#### [PROBLEM DETAILS]
Given the material below, return only the lines starting at the line with "De verlichting langs" and ending at the line with "In a hospital, the", exactly as they appear.

#### [INFORMATION PROVIDED]
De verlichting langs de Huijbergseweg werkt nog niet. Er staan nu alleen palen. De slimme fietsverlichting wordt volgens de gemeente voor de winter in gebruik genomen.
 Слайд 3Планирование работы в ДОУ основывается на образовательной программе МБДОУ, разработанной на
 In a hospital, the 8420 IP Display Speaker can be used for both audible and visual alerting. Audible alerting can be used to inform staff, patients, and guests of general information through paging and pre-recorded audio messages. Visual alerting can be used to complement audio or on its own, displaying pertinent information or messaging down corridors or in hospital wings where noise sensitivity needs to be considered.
* * *
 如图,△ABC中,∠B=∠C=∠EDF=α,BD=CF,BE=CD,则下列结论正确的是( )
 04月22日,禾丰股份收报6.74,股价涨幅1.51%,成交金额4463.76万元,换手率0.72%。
* * *
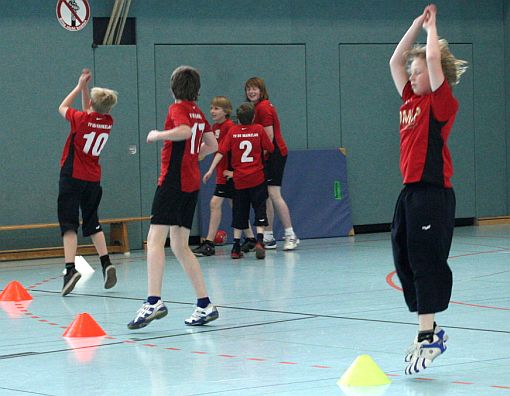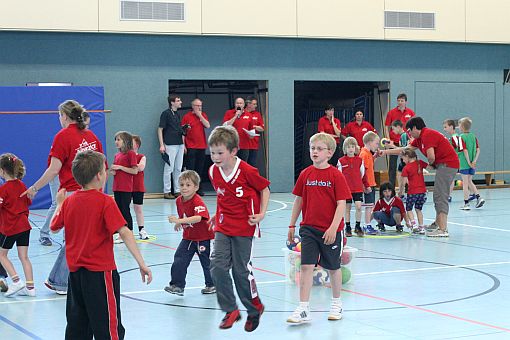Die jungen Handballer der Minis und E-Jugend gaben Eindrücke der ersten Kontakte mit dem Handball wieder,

#### [EXERCISE OUTPUT]
De verlichting langs de Huijbergseweg werkt nog niet. Er staan nu alleen palen. De slimme fietsverlichting wordt volgens de gemeente voor de winter in gebruik genomen.
 Слайд 3Планирование работы в ДОУ основывается на образовательной программе МБДОУ, разработанной на
 In a hospital, the 8420 IP Display Speaker can be used for both audible and visual alerting. Audible alerting can be used to inform staff, patients, and guests of general information through paging and pre-recorded audio messages. Visual alerting can be used to complement audio or on its own, displaying pertinent information or messaging down corridors or in hospital wings where noise sensitivity needs to be considered.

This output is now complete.